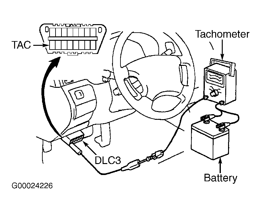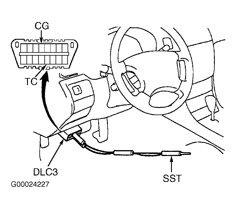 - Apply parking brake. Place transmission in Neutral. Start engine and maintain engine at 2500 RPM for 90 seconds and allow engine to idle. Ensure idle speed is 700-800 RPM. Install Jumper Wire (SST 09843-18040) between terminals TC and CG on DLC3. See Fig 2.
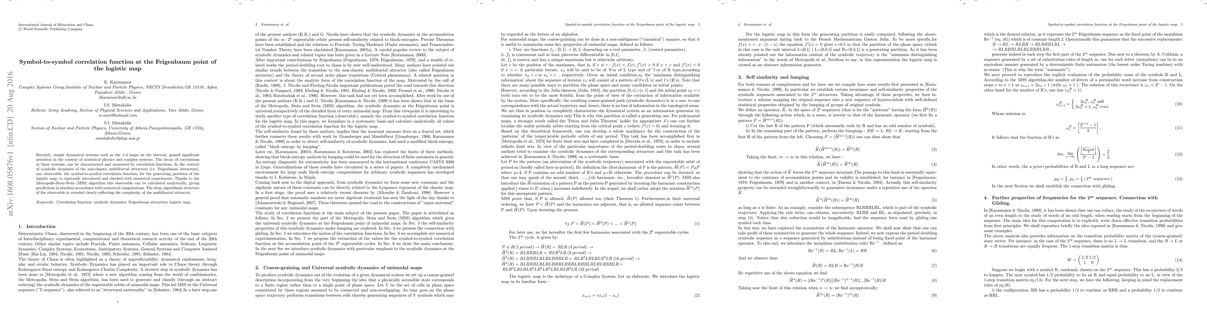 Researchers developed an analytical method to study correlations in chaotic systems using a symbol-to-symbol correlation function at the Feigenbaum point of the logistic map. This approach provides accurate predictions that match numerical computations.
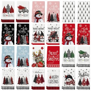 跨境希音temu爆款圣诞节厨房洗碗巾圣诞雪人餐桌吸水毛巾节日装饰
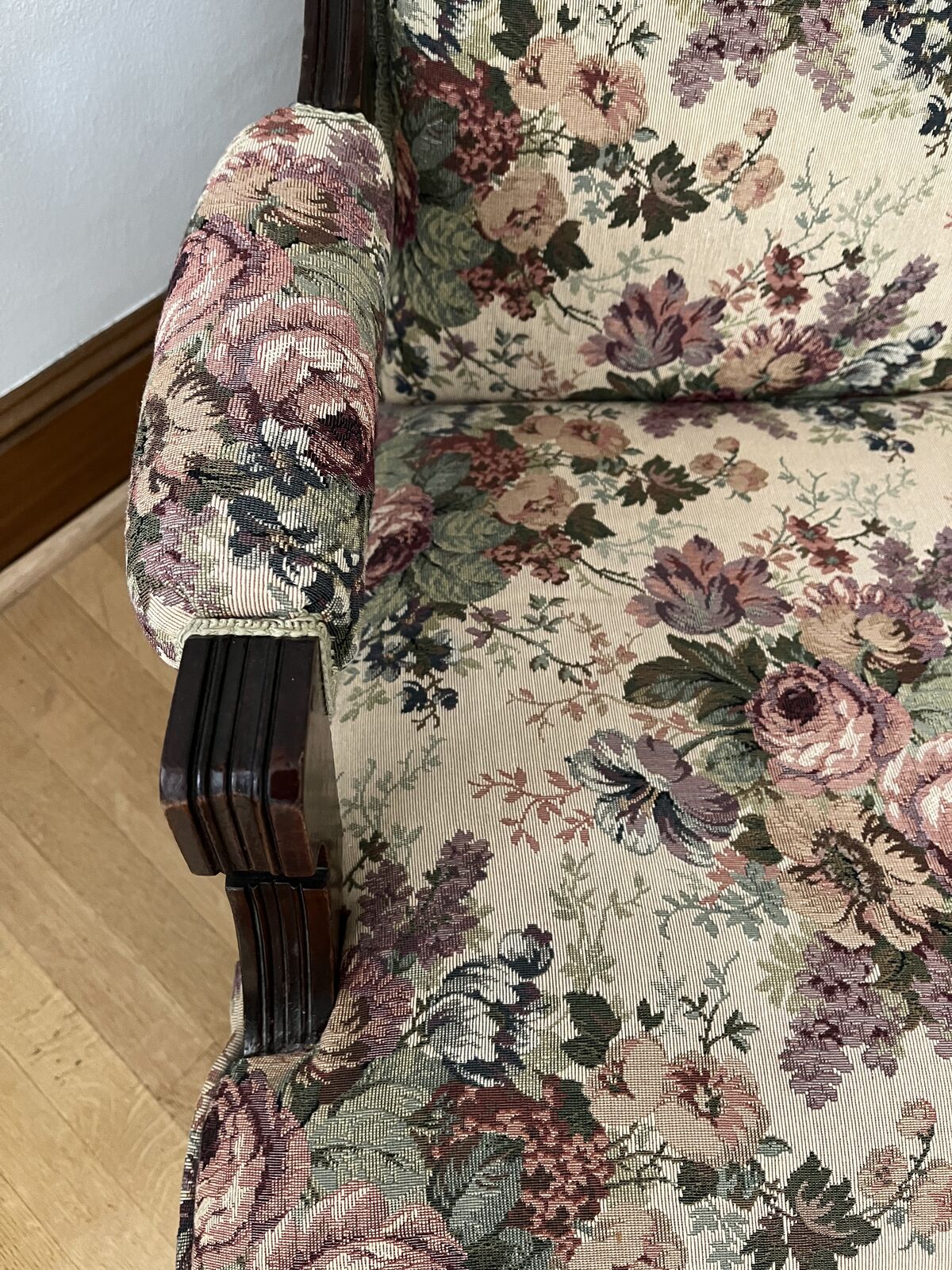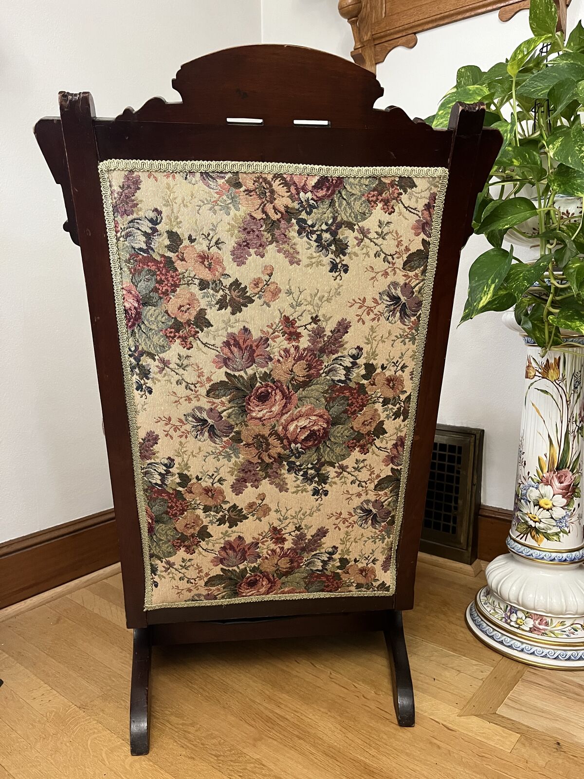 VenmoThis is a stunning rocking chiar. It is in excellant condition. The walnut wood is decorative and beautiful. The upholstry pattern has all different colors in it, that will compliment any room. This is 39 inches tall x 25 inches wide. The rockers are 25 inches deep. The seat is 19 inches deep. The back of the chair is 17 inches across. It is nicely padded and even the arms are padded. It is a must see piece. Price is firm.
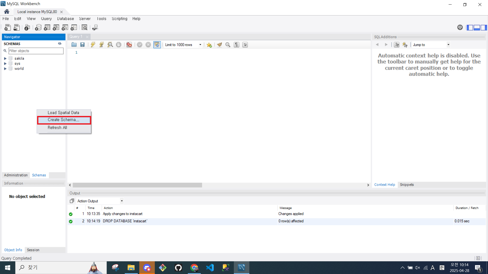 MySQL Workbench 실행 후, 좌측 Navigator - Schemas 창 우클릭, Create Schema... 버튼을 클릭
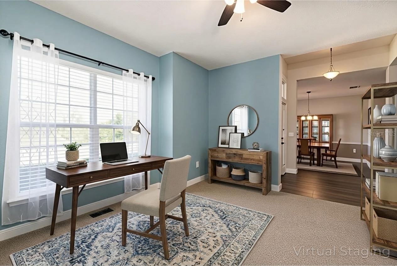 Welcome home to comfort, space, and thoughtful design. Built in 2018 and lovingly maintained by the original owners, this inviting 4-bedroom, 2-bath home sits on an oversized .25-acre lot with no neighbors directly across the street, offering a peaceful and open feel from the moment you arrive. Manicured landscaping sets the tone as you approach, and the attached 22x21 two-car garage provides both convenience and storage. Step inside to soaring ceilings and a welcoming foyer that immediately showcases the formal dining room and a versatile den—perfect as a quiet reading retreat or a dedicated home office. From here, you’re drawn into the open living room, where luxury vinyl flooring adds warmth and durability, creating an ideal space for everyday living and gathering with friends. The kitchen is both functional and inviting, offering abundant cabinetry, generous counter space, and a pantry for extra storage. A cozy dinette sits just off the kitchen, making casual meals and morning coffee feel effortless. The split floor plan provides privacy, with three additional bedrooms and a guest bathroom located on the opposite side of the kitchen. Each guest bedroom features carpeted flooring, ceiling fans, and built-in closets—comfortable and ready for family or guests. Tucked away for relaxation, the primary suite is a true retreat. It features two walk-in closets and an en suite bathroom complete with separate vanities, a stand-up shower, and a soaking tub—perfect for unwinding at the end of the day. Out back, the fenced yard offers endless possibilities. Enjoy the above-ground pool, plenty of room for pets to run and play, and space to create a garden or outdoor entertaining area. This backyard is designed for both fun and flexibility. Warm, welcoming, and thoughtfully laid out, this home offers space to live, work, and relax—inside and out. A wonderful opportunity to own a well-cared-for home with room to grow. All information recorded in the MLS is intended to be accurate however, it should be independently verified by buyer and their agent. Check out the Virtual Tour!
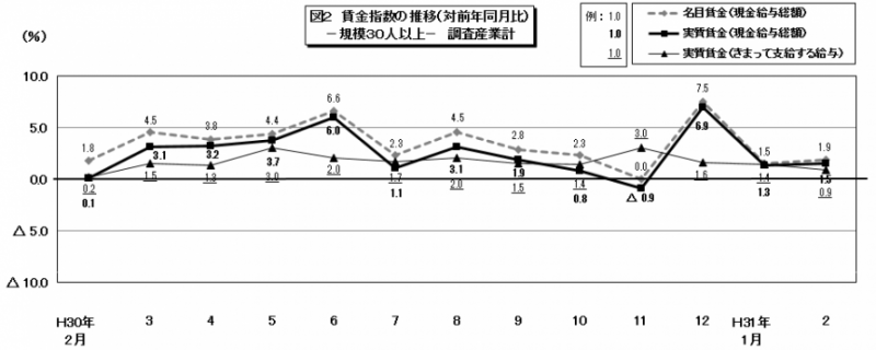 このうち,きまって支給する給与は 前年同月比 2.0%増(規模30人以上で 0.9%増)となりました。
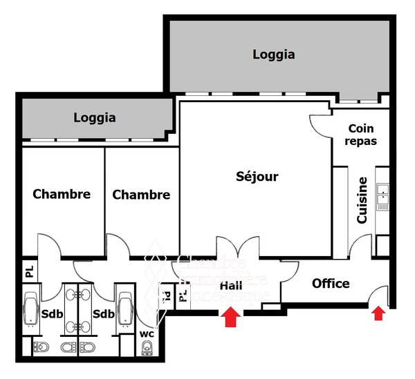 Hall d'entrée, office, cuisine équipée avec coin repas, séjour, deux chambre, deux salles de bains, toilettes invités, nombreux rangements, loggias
================
■ **WORK TO COMPLETE**
Print all entries exactly, without images.

■ **SOLUTION BELOW**
 - Apply parking brake. Place transmission in Neutral. Start engine and maintain engine at 2500 RPM for 90 seconds and allow engine to idle. Ensure idle speed is 700-800 RPM. Install Jumper Wire (SST 09843-18040) between terminals TC and CG on DLC3. See Fig 2.
 Researchers developed an analytical method to study correlations in chaotic systems using a symbol-to-symbol correlation function at the Feigenbaum point of the logistic map. This approach provides accurate predictions that match numerical computations.
 跨境希音temu爆款圣诞节厨房洗碗巾圣诞雪人餐桌吸水毛巾节日装饰
 VenmoThis is a stunning rocking chiar. It is in excellant condition. The walnut wood is decorative and beautiful. The upholstry pattern has all different colors in it, that will compliment any room. This is 39 inches tall x 25 inches wide. The rockers are 25 inches deep. The seat is 19 inches deep. The back of the chair is 17 inches across. It is nicely padded and even the arms are padded. It is a must see piece. Price is firm.
 MySQL Workbench 실행 후, 좌측 Navigator - Schemas 창 우클릭, Create Schema... 버튼을 클릭
 Welcome home to comfort, space, and thoughtful design. Built in 2018 and lovingly maintained by the original owners, this inviting 4-bedroom, 2-bath home sits on an oversized .25-acre lot with no neighbors directly across the street, offering a peaceful and open feel from the moment you arrive. Manicured landscaping sets the tone as you approach, and the attached 22x21 two-car garage provides both convenience and storage. Step inside to soaring ceilings and a welcoming foyer that immediately showcases the formal dining room and a versatile den—perfect as a quiet reading retreat or a dedicated home office. From here, you’re drawn into the open living room, where luxury vinyl flooring adds warmth and durability, creating an ideal space for everyday living and gathering with friends. The kitchen is both functional and inviting, offering abundant cabinetry, generous counter space, and a pantry for extra storage. A cozy dinette sits just off the kitchen, making casual meals and morning coffee feel effortless. The split floor plan provides privacy, with three additional bedrooms and a guest bathroom located on the opposite side of the kitchen. Each guest bedroom features carpeted flooring, ceiling fans, and built-in closets—comfortable and ready for family or guests. Tucked away for relaxation, the primary suite is a true retreat. It features two walk-in closets and an en suite bathroom complete with separate vanities, a stand-up shower, and a soaking tub—perfect for unwinding at the end of the day. Out back, the fenced yard offers endless possibilities. Enjoy the above-ground pool, plenty of room for pets to run and play, and space to create a garden or outdoor entertaining area. This backyard is designed for both fun and flexibility. Warm, welcoming, and thoughtfully laid out, this home offers space to live, work, and relax—inside and out. A wonderful opportunity to own a well-cared-for home with room to grow. All information recorded in the MLS is intended to be accurate however, it should be independently verified by buyer and their agent. Check out the Virtual Tour!
 このうち,きまって支給する給与は 前年同月比 2.0%増(規模30人以上で 0.9%増)となりました。
 Hall d'entrée, office, cuisine équipée avec coin repas, séjour, deux chambre, deux salles de bains, toilettes invités, nombreux rangements, loggias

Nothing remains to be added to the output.